### INPUT MATERIAL
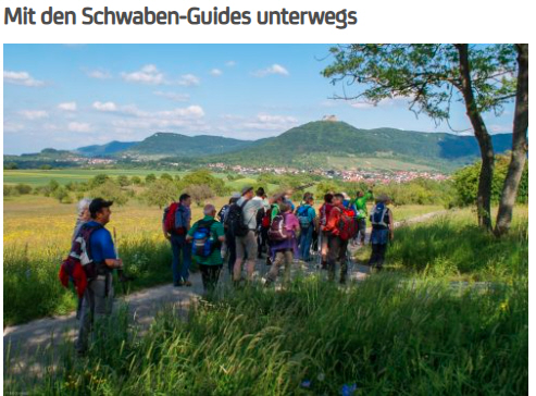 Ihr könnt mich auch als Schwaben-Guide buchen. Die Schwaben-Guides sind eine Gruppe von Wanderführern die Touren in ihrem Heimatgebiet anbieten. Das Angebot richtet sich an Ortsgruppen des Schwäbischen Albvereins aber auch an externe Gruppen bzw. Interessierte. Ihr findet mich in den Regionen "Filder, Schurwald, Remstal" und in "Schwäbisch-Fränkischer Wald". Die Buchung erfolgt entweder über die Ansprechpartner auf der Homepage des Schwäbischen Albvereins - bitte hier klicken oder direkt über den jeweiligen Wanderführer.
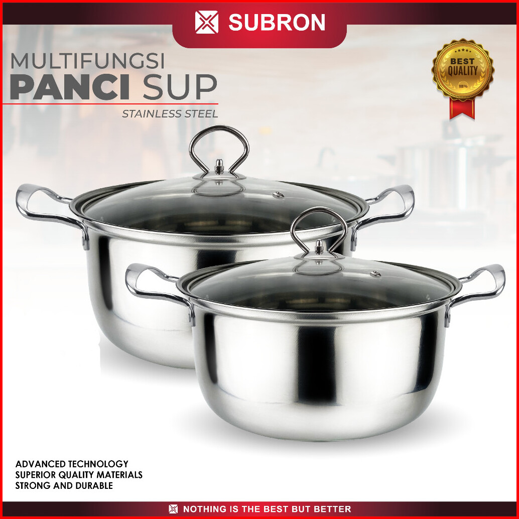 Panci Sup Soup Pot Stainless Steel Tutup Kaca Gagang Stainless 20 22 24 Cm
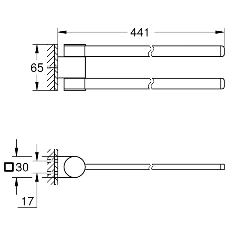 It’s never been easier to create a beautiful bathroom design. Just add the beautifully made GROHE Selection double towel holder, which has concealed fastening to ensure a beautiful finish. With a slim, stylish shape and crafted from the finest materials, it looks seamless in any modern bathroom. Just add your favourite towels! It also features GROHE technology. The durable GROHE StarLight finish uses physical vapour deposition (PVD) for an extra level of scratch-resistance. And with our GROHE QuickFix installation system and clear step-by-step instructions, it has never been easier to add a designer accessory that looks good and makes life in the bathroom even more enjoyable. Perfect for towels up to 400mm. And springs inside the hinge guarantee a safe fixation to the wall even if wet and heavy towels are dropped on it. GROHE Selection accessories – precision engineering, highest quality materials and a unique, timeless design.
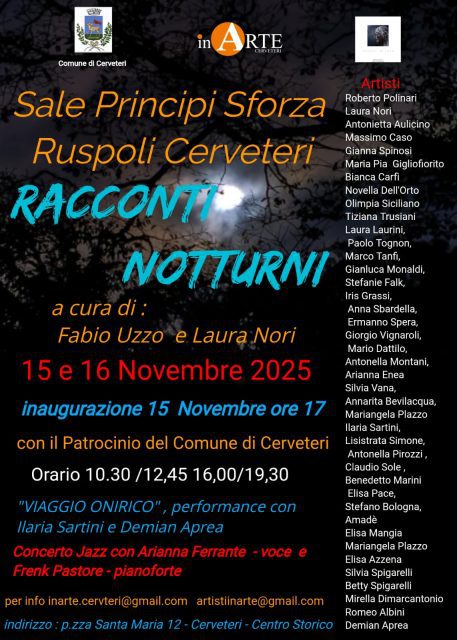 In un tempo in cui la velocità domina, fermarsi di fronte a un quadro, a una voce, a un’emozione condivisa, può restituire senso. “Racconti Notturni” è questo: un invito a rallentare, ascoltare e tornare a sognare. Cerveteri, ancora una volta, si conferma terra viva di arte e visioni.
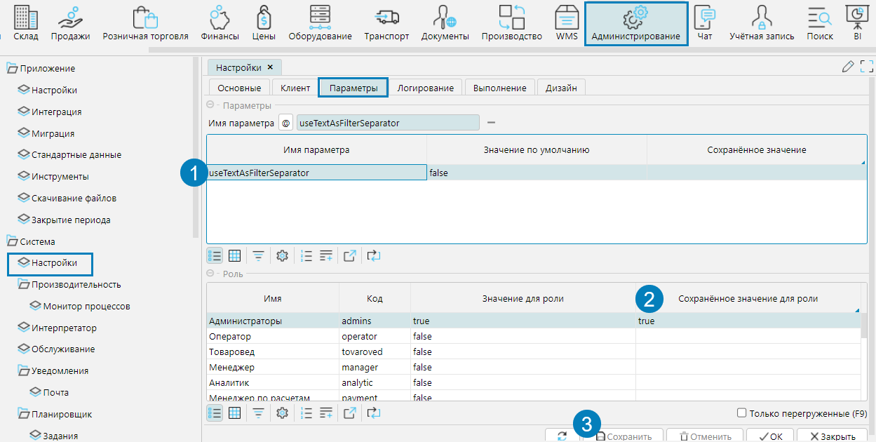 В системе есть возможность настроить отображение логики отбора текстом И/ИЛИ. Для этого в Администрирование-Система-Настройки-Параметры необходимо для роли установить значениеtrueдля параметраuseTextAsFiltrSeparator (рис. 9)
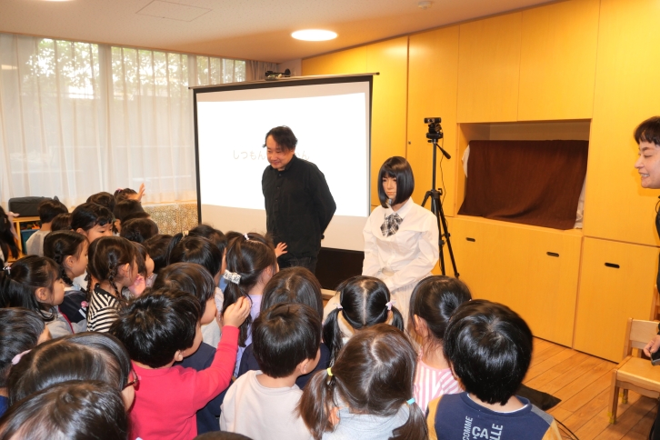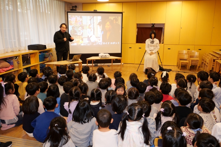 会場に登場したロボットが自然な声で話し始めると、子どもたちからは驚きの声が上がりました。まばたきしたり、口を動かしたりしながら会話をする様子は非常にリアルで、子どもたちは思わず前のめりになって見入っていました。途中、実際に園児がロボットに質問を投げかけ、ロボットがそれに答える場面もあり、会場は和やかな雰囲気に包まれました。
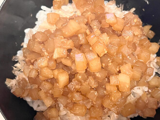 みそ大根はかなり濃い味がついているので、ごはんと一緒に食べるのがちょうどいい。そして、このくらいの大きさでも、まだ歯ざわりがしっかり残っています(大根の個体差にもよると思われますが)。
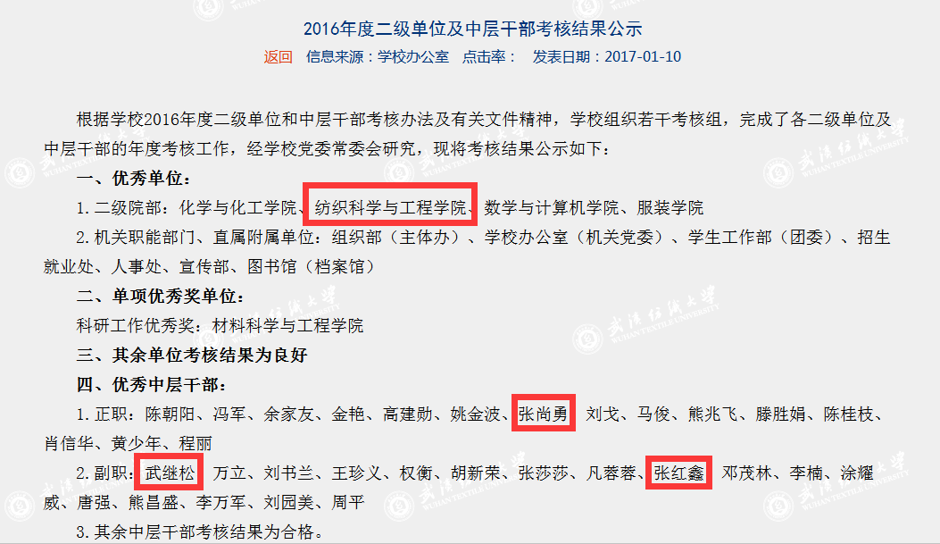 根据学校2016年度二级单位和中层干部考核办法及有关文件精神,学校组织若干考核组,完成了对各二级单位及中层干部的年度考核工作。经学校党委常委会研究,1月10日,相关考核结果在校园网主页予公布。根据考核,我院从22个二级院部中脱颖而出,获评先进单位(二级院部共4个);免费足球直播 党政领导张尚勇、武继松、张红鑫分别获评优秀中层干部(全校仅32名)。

...

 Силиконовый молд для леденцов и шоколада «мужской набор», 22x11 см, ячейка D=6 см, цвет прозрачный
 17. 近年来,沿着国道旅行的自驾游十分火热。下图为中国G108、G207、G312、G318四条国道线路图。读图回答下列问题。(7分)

* * *

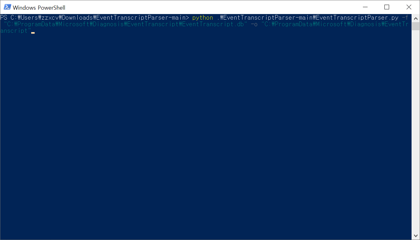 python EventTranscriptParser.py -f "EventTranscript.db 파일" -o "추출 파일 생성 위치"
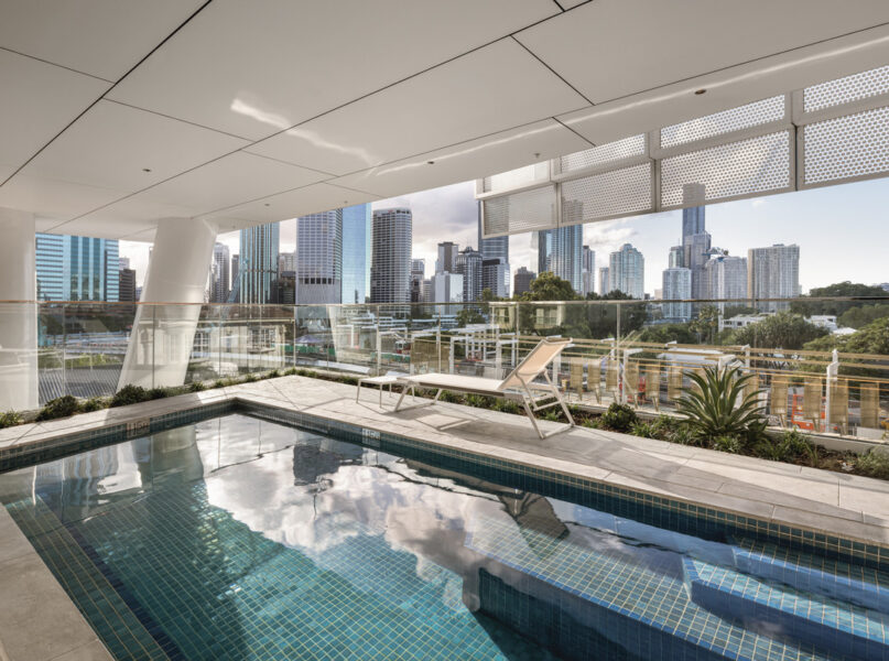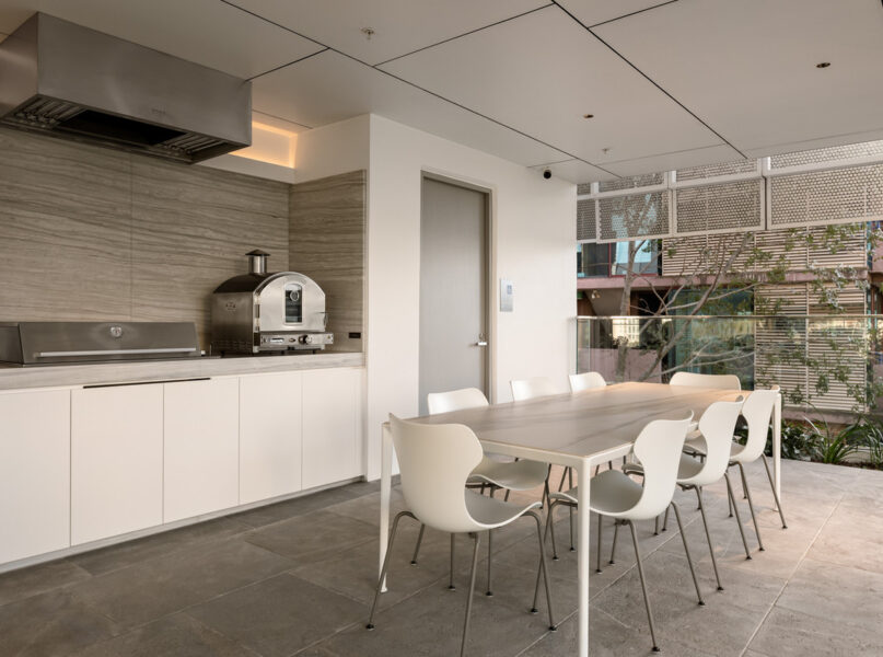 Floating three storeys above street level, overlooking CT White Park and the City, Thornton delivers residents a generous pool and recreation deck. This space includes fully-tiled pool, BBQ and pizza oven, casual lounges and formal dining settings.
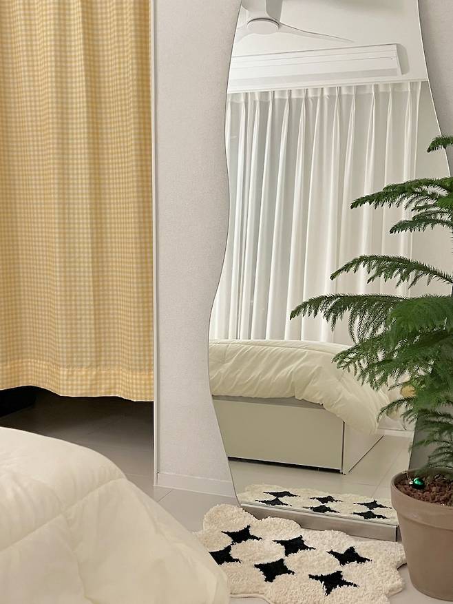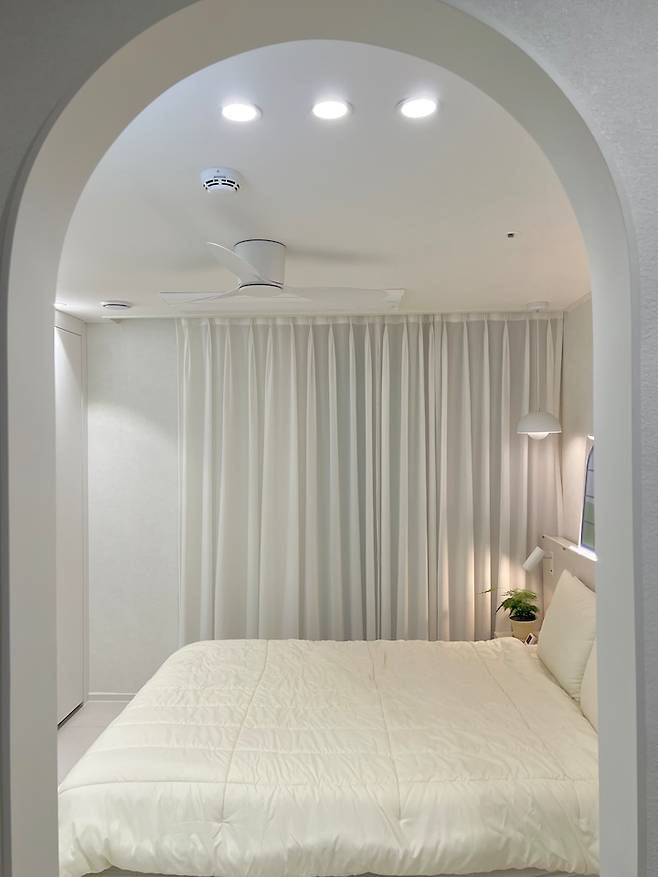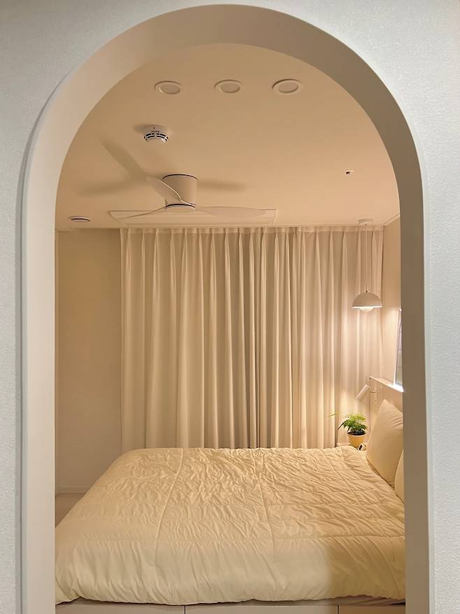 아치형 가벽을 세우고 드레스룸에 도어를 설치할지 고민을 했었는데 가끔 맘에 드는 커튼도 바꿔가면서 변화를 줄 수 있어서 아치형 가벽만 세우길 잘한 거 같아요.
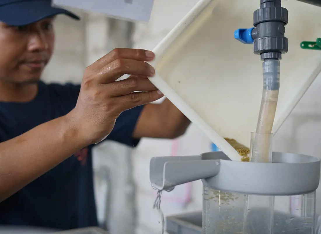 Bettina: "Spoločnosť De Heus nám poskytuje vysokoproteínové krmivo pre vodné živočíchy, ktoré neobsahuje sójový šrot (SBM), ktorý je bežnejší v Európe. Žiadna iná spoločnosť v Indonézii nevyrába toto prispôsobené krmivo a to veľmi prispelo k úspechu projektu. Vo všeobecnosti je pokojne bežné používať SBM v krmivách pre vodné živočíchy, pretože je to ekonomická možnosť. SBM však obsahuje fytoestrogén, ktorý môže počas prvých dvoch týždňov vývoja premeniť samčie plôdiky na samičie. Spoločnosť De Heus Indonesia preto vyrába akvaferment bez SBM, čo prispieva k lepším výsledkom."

### PROBLEM
Once the line with "Ihr könnt mich" is found above, transcribe each line from it through the line with "Panci Sup Soup", exactly, and omit the pictures.

### RESULT FOR THIS TASK
 Ihr könnt mich auch als Schwaben-Guide buchen. Die Schwaben-Guides sind eine Gruppe von Wanderführern die Touren in ihrem Heimatgebiet anbieten. Das Angebot richtet sich an Ortsgruppen des Schwäbischen Albvereins aber auch an externe Gruppen bzw. Interessierte. Ihr findet mich in den Regionen "Filder, Schurwald, Remstal" und in "Schwäbisch-Fränkischer Wald". Die Buchung erfolgt entweder über die Ansprechpartner auf der Homepage des Schwäbischen Albvereins - bitte hier klicken oder direkt über den jeweiligen Wanderführer.
 Panci Sup Soup Pot Stainless Steel Tutup Kaca Gagang Stainless 20 22 24 Cm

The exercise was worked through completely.